━━━ Exercise input

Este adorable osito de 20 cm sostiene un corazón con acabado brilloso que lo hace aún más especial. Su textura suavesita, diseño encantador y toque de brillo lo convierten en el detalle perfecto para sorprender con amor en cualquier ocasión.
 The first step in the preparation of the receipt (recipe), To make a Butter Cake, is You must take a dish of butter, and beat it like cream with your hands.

━━━━━━
━━━ Exercise input

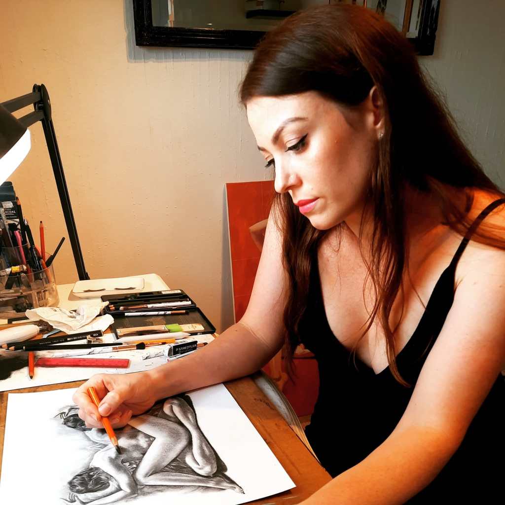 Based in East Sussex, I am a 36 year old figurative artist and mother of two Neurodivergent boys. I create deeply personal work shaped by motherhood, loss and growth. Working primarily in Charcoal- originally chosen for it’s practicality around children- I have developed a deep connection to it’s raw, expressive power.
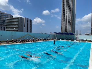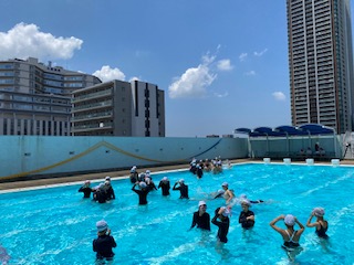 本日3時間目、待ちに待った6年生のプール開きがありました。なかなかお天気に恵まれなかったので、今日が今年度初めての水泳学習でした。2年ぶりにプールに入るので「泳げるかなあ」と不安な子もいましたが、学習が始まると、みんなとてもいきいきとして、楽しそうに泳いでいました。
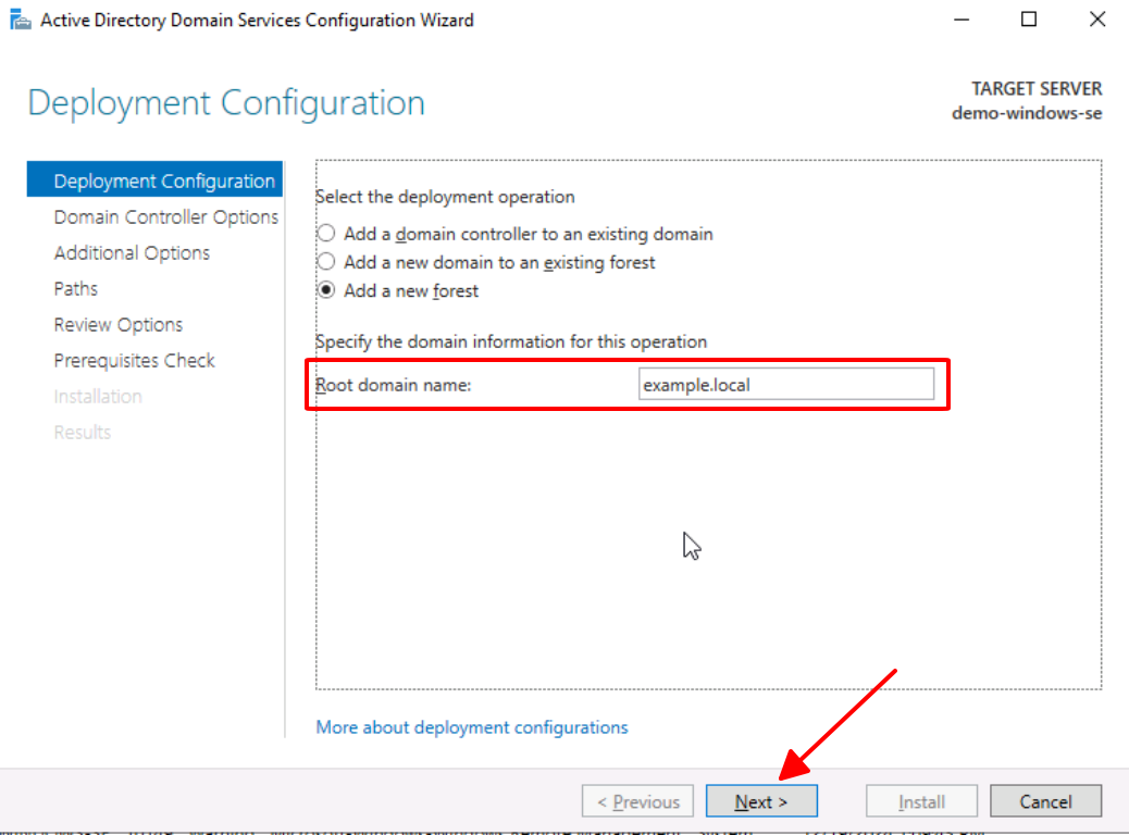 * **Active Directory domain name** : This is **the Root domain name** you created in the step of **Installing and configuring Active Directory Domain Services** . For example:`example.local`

━━━━━━

#### The task
Look above for the line with "Based in East" and copy exactly from it through the line with "Directory domain name**", both included. Omit the pictures.

#### Your response
 Based in East Sussex, I am a 36 year old figurative artist and mother of two Neurodivergent boys. I create deeply personal work shaped by motherhood, loss and growth. Working primarily in Charcoal- originally chosen for it’s practicality around children- I have developed a deep connection to it’s raw, expressive power.
 本日3時間目、待ちに待った6年生のプール開きがありました。なかなかお天気に恵まれなかったので、今日が今年度初めての水泳学習でした。2年ぶりにプールに入るので「泳げるかなあ」と不安な子もいましたが、学習が始まると、みんなとてもいきいきとして、楽しそうに泳いでいました。
 * **Active Directory domain name** : This is **the Root domain name** you created in the step of **Installing and configuring Active Directory Domain Services** . For example:`example.local`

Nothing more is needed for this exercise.